Once the opam repo pin is updated, the local switch must be updated using the following command:
opam repo set-url pin git+https://github.com/ocaml/opam-repository#<commit-hash>
Where <commit-hash>
is the pinned hash specified in the files mentioned above.
Once this is done, you can run opam update
and opam upgrade
. If OCamlFormat
was upgraded in the process, the files .ocamlformat
and
.github/workflows/ci.yml
must be modified with the currently installed version
of OCamlFormat.
The following snippet describes the repository structure:
.
├── asset/
| The static assets served by the site.
│
├── data/
| Data used by OCaml.org in Yaml and Markdown format.
│
├── playground/
│ The source and generated assets for the OCaml Playground
│
├── src
│ ├── global
│ │ Project wide definitions
│ │
│ ├── ocamlorg_data
│ │ The result of compiling all of the information in `/data` into OCaml modules.
│ │
│ ├── ocamlorg_frontend
│ │ All of the front-end code primarily using .eml files (OCaml + HTML).
│ │
│ ├── ocamlorg_package
│ │ The library for constructing opam-repository statistics and information (e.g. rev deps).
│ │
│ └── ocamlorg_web
│ The main entry-point of the server.
│
├── tool/
│ Sources for development tools such as the `ocamlorg_data` code generator.
│
├── dune
├── dune-project
│ Dune file used to mark the root of the project and define project-wide parameters.

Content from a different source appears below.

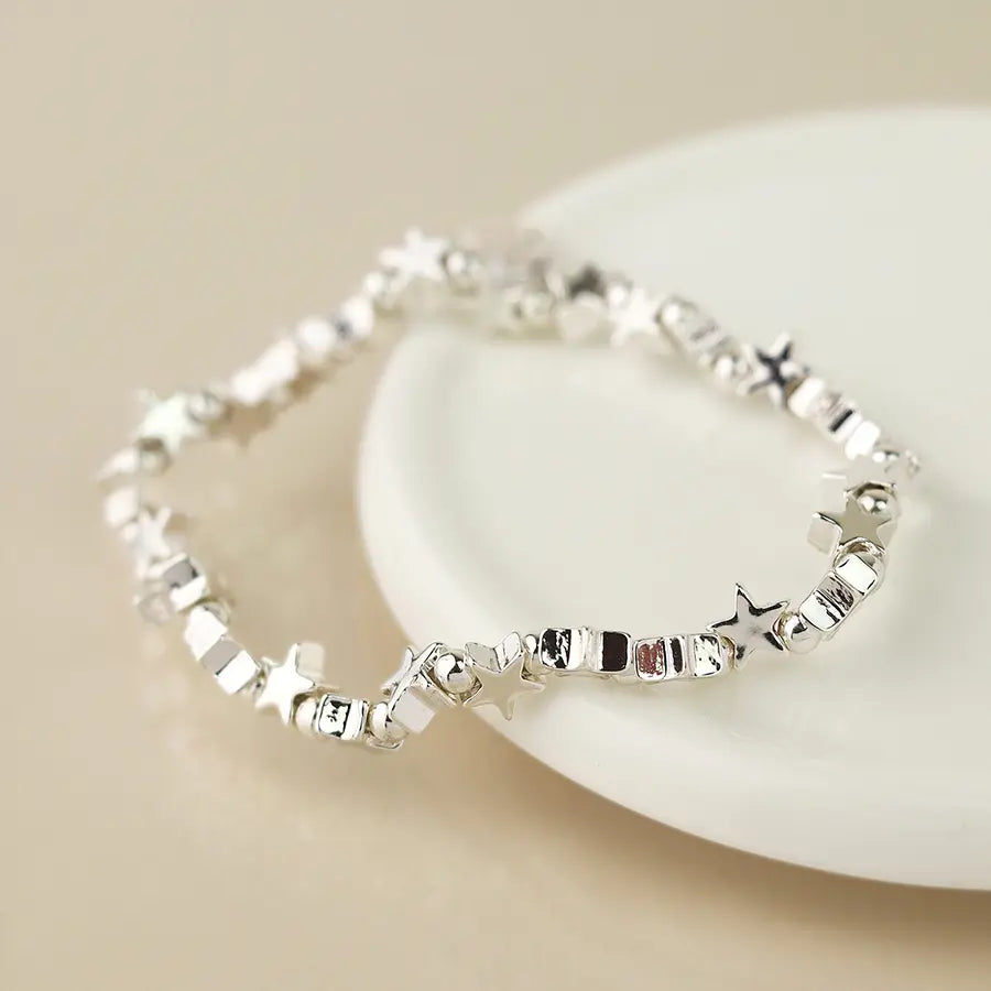 Silver plated stretch bracelet with alternate polished stars and round beads.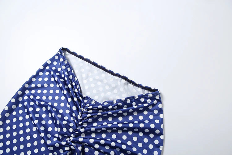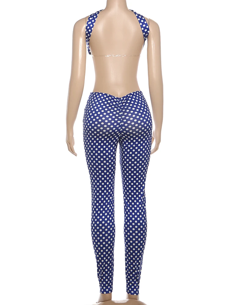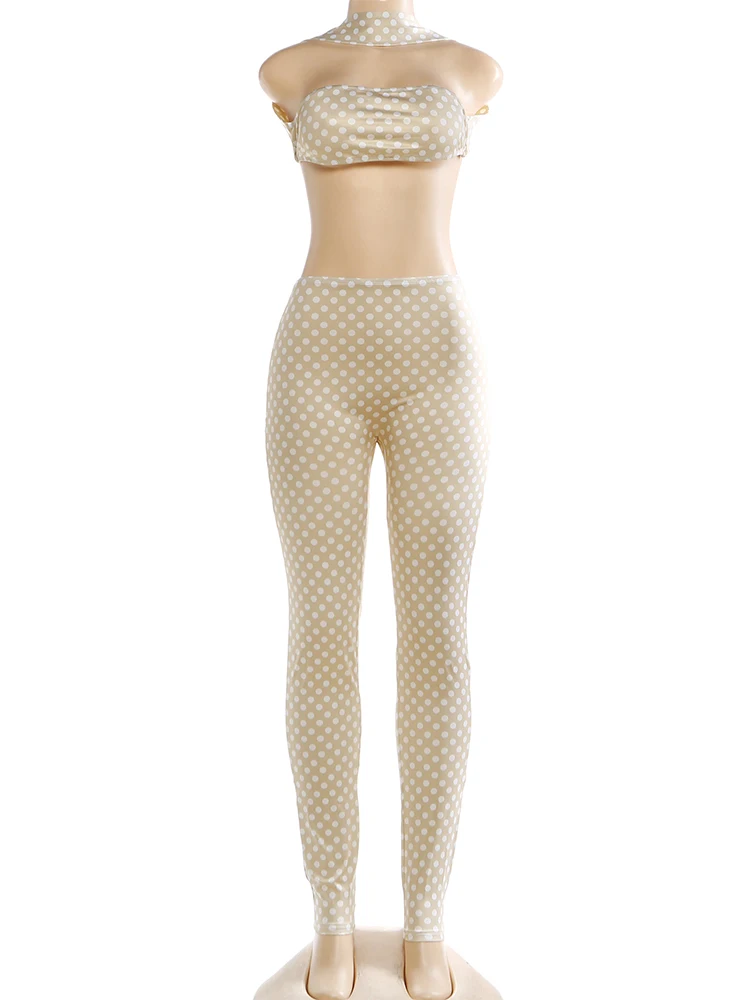 Weird Puss Hottie Polka Dot 2-Piece Set Women Halter Chest Wrapped Backless Top+Ruched Peach Hip Pants Stretch Skinny Clubwear

│ For the documentation of the syntax, see https://dune.readthedocs.io/en/stable/dune-files.html#dune-project.
│
├── ocamlorg.opam
├── ocamlorg.opam.template
│ opam package definitions.
│
├── CONTRIBUTING.md
│
├── Dockerfile
│ Dockerfile used to build and deploy the site in production.
│
├── LICENSE
├── LICENSE-3RD-PARTY
│ Licenses of the source code, data and vendored third-party projects.
│
├── Makefile
│ `Makefile` containing common development commands.
│
├── README.md
│
└── tailwind.config.js
Configuration used by TailwindCSS to generate the CSS file for the site.